This is an excerpt from the HTML5 Solutions: Essential Techniques for HTML5 Developers book by Apress (where I'm one of the author).
Solution 4-8: Creating custom input types using regular expressions
Regular expressions provide a powerful, concise, and flexible means for matching strings of text, such as
particular characters, words, or patterns of characters. A regular expression is written in a formal language
that can be interpreted by a regular expression processor, which is a program that either serves as a
parser generator or examines text and identifies parts that match the provided specification. See Wikipedia
for more information: http://en.wikipedia.org/wiki/Regular_expression.
HTML5 allows you to check the user’s inputs and to match the input values against a regular expression.
What’s involved
The code that you needed to write to use regular expressions with previous versions of HTML was
as follows:
<input type="text" name="ssn"
onblur="if (!^\d{3}-\d{2}-\d{4}$this.value) alert(this.title+'\nAn error occurred. Please
verify your data.');" title="The Social Security Number"/>
On the onblur event of the input element, a JavaScript statement is executed. It controls the pattern to be
applied to the data in the field, and it provides an error message if the validation wasn’t successful.

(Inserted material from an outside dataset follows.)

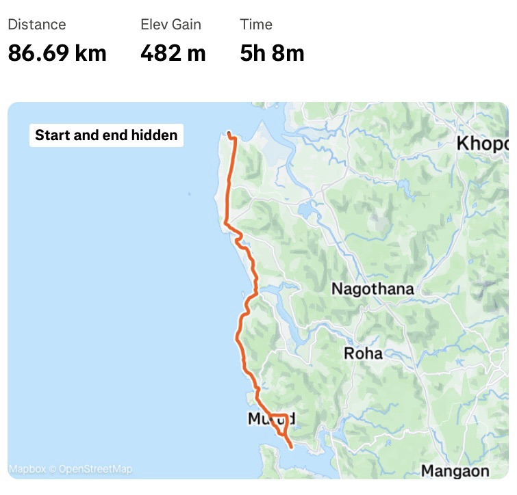 At about 1500hrs , after 67km, I arrived in Murud, where I planned to stay. After the grotty place I had spent the last three nights I fancied something a bit nicer. Disappointingly the best looking hotel was full, and despite there being several others I decided that as it was early I would push on a bit – there’ll be lots more. No there won’t. After 10km I found a log cabin retreat place, which was going to be 7000 rupees and didn’t take credit cards. Well out of my league. The net result was that I had to turn round and go back – a cycle tourist’s nightmare at the end of a hot and sweaty day. So overall my mileage could have been 20km shorter.

With HTML5, a new attribute is available that allows you to associate a pattern of characters via regular
expressions to a text input to be applied as validation of the data inserted in the field. The markup for this
is really simple:
<input type="text" name="ssn" pattern="(!^\d{3}-\d{2}-\d{4}$"
The value specified in the pattern attribute must match the JavaScript pattern production as described in
this document: www.ecma-international.org/publications/files/ECMA-ST/ECMA-262.pdf.